On 12/14/2022 3:44 AM, Peter Newman wrote:
> When the user moves a running task to a new rdtgroup using the tasks
> file interface or by deleting its rdtgroup, the resulting change in
> CLOSID/RMID must be immediately propagated to the PQR_ASSOC MSR on the
> task(s) CPUs.
> 
> x86 allows reordering loads with prior stores, so if the task starts
> running between a task_curr() check that the CPU hoisted before the
> stores in the CLOSID/RMID update then it can start running with the old
> CLOSID/RMID until it is switched again because __rdtgroup_move_task()
> failed to determine that it needs to be interrupted to obtain the new
> CLOSID/RMID.
> 
> Refer to the diagram below:
> 
> CPU 0                                   CPU 1
> -----                                   -----
> __rdtgroup_move_task():
>   curr <- t1->cpu->rq->curr
>                                         __schedule():
>                                           rq->curr <- t1
>                                         resctrl_sched_in():
>                                           t1->{closid,rmid} -> {1,1}
>   t1->{closid,rmid} <- {2,2}
>   if (curr == t1) // false
>    IPI(t1->cpu)
> 
> A similar race impacts rdt_move_group_tasks(), which updates tasks in a
> deleted rdtgroup.
> 
> In both cases, use smp_mb() to order the task_struct::{closid,rmid}
> stores before the loads in task_curr().  In particular, in the
> rdt_move_group_tasks() case, simply execute an smp_mb() on every
> iteration with a matching task.
> 
> It is possible to use a single smp_mb() in rdt_move_group_tasks(), but
> this would require two passes and a means of remembering which
> task_structs were updated in the first loop.
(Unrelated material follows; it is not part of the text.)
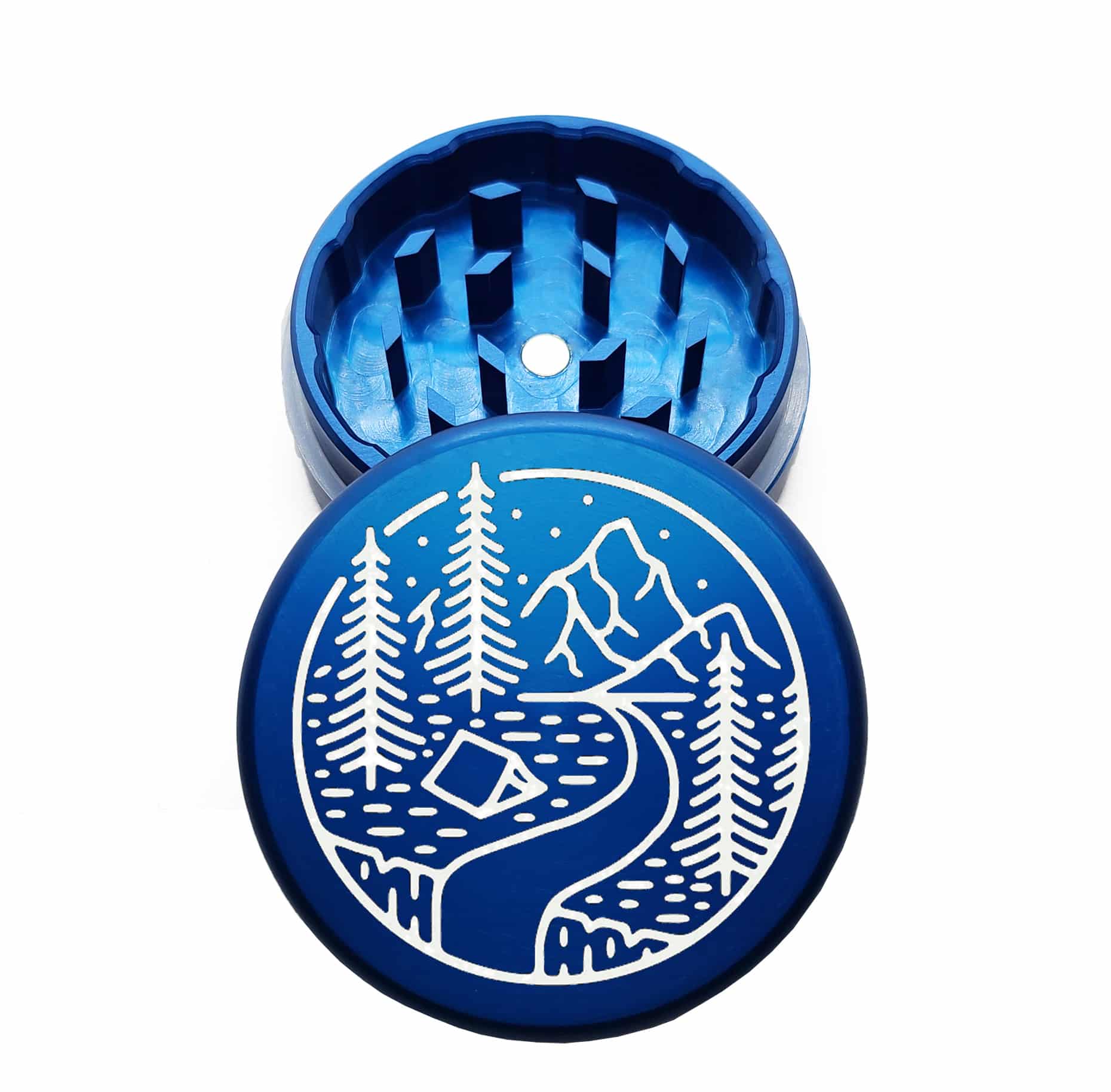 USA Made: Tent Camping, The Puck® Grinder, Gen II, Blue, 63mm, 2-Piece

However, benchmarking
> results below showed too little performance impact in the simple
> approach to justify implementing the two-pass approach.
> 
> Times below were collected using `perf stat` to measure the time to
> remove a group containing a 1600-task, parallel workload.
> 
> CPU: Intel(R) Xeon(R) Platinum P-8136 CPU @ 2.00GHz (112 threads)
> 
>  # mkdir /sys/fs/resctrl/test
>  # echo $$ > /sys/fs/resctrl/test/tasks
>  # perf bench sched messaging -g 40 -l 100000
> 
> task-clock time ranges collected using:
> 
>  # perf stat rmdir /sys/fs/resctrl/test
> 
> Baseline:                     1.54 - 1.60 ms
> smp_mb() every matching task: 1.57 - 1.67 ms
> 

For a fix a Fixes: tag is expected. It looks like the following
may be relevant:
Fixes: ae28d1aae48a ("x86/resctrl: Use an IPI instead of task_work_add() to update PQR_ASSOC MSR")
Fixes: 0efc89be9471 ("x86/intel_rdt: Update task closid immediately on CPU in rmdir and unmount")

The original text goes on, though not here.